Il faut veiller à ne pas trop multiplier nos engagements. Cela pourrait nuire à notre efficacité. Ce projet de loi de finances permet de conserver 18 750 postes, avec un déploiement d’effectifs sur le territoire national pour des opérations intérieures. Si nos militaires peuvent assumer cette mission ponctuellement, il ne leur appartient pas de le faire de manière pérenne.
D’autres fléchages sont possibles. Il faut veiller à ce que les effectifs de gendarmes et de policiers soient suffisants pour assurer pleinement la sécurité intérieure et limiter le déploiement de militaires aux compétences complémentaires.
Le programme 212 « Soutien de la politique de défense » regroupe notamment l’ensemble des crédits de personnel du ministère de la défense.

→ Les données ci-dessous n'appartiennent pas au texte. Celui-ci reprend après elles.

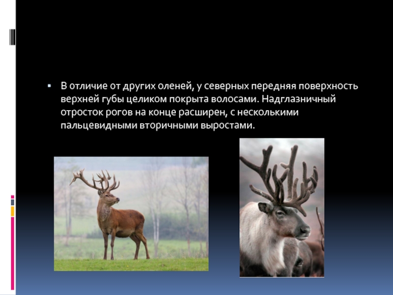 Слайд 3В отличие от других оленей, у северных передняя поверхность верхней губы

En 2016, ces dépenses devraient augmenter de 3 %.
On apprécie les efforts consentis pour l’augmentation des effectifs dans le domaine du renseignement « sécurité et défense », mais on peut regretter que les dépenses diminuent pour la marine et l’armée de l’air.
La question du surcoût des opérations extérieures a largement alimenté le débat ces dernières années. La provision destinée à couvrir ce surcoût n’est que de 450 millions d’euros, comme en 2015, alors que le dépassement s’élevait à plus de 650 millions d'euros cette année-là. Elle devrait donc de nouveau se révéler insuffisante.
De la même manière, le surcoût lié aux opérations intérieures devrait être largement supérieur aux 26 millions d'euros budgétisés au titre II. En 2015, il s’est élevé à 194 millions d'euros pour l’opération Sentinelle et il ne devrait pas baisser en 2016.
De plus, la question de la budgétisation et du financement des OPEX et des opérations intérieures crée une incertitude sur l’équilibre budgétaire.
Monsieur le ministre, en 2013, l’exécution de la loi de programmation militaire était mal engagée, étant donné l’existence d’une forte contrainte budgétaire, alors que débutaient les interventions au Mali. Nous constatons que vous avez su transformer d’aléatoires recettes extrabudgétaires en crédits budgétaires ; cela représente 9 milliards d’euros de crédits supplémentaires pour la période 2015-2019.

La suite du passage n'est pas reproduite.